▸ WHAT YOU HAVE TO DO
In the material below, find the line with "安心の日本製、安心の天然素材"; set down that line and every line after it to the end, exactly, without pictures.

▸ DATA BLOCK
=-=-=
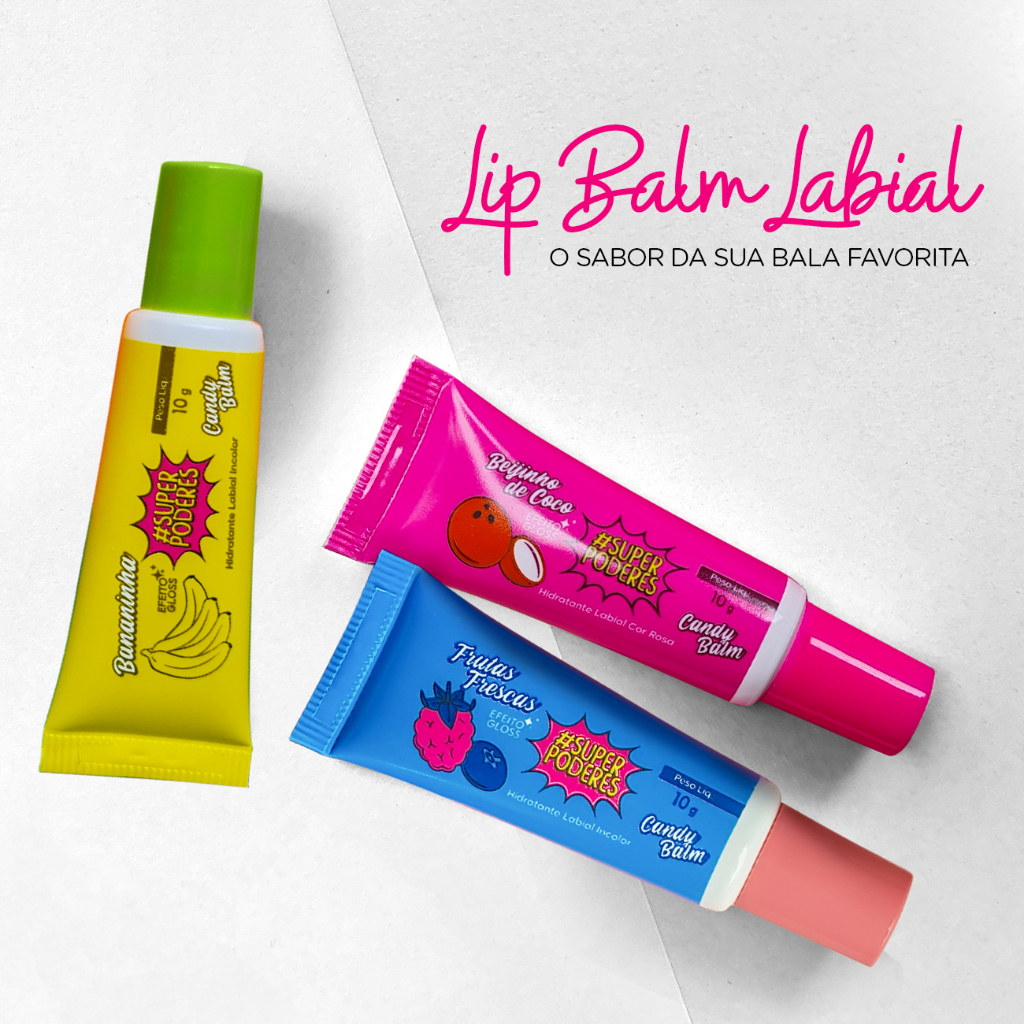 Hidratante Candy Lip Balm Labial Gloss Protetor Lábios Make Sabores Super Poderes 10g
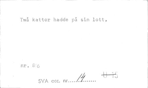 //// Twå kattor hadde på sin lott, nr, ; 6 //// /A -tHi //// SVA ccc. nr...'..L... ////
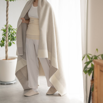 安心の日本製、安心の天然素材ウール100%(毛羽部分)を使用したおしゃれな毛布を作りました。
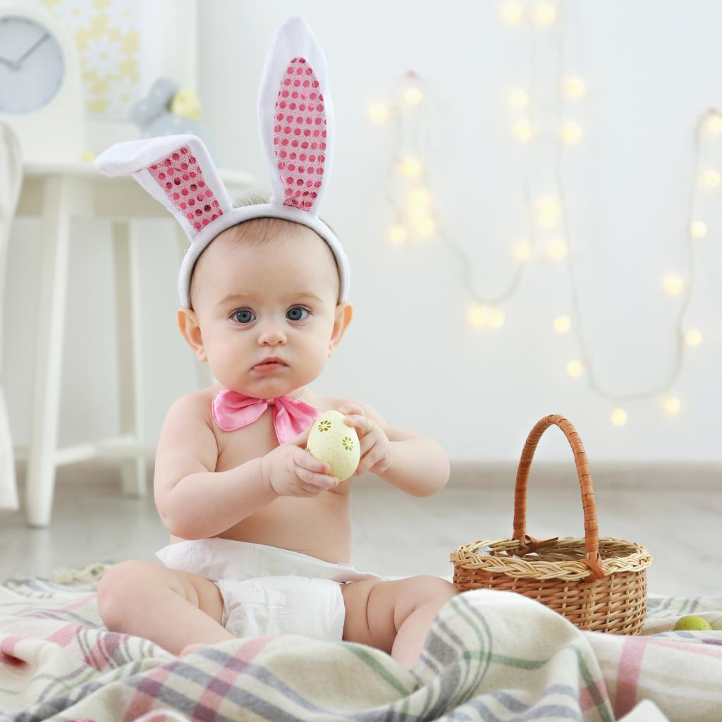 Wallpaper Cute baby with ears on his head sits with Easter eggs.
=-=-=
▸ FINISHED TASK
 安心の日本製、安心の天然素材ウール100%(毛羽部分)を使用したおしゃれな毛布を作りました。
 Wallpaper Cute baby with ears on his head sits with Easter eggs.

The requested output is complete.